El
camarero se quita la mascarilla frente al espejo del aseo de empleados. Quiere
calmarse antes de volver al comedor y fingir que no conoce a la mujer de la
mesa catorce. El hombre que la acompaña, pañuelo asomando por el bolsillo de la
chaqueta más cercano al corazón, no ha parado de hablar por el móvil desde que
se han sentado. Ella, todavía sus ojos verdes como la albahaca de la madrugada
antigua de cristales empañados, espera a que termine sin mostrar gesto alguno
de fastidio. Cuando ocurra, pedirán el menú degustación y antes del postre él
inventará un chiste acerca del tartamudeo del camarero que les ha tocado en suerte.

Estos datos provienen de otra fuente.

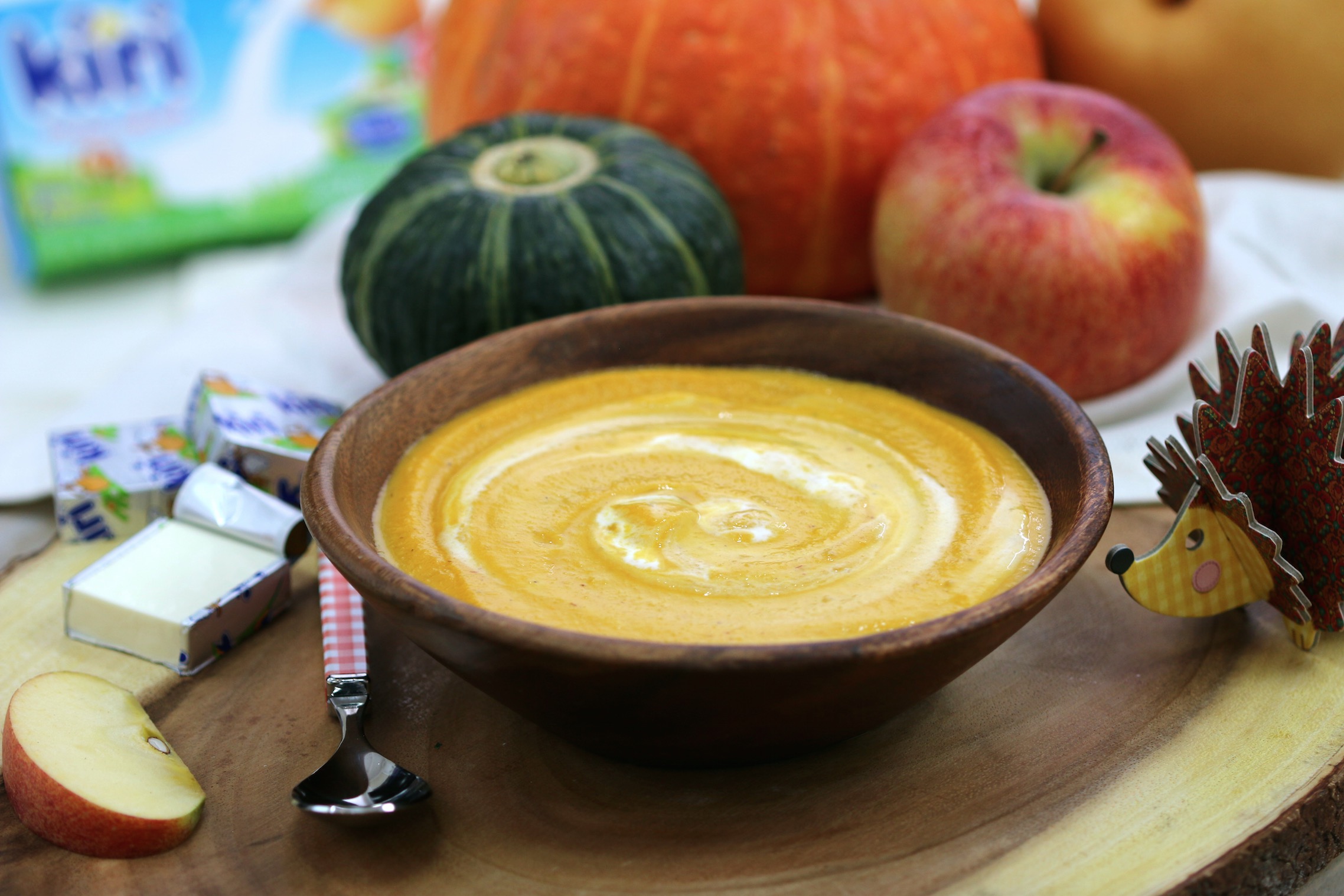 Mettez les morceaux de potiron, pomme et poire dans un mixeur. Ajoutez les portions de Kiri® et un peu d'eau de cuisson. Mixez jusqu'à obtention d'une texture onctueuse. Ajustez la consistance en ajoutant petit à petit l'eau de cuisson.

Ella se reirá aproximadamente durante cinco segundos y se limpiará con la servilleta los labios antes de beber de su copa nunca vacía.
Otro camarero es el encargado de servirles los
cafés, para él en vasito de cristal y para ella pues lo mismo, y traerles la
cuenta. Cuando él le pregunta por su compañero, ella mira alrededor por ver si
lo ve, hasta que sucede que se siente, apenas el eco de un instante, sola en el mundo. Un gorrito de lana en mitad de un lago helado. Dejarán propina mientras él insistirá con otro chiste de tartamudos que le
escuchó a un cómico de los de antes. Ella esta vez se reirá durante, aproximadamente, diecisiete segundos.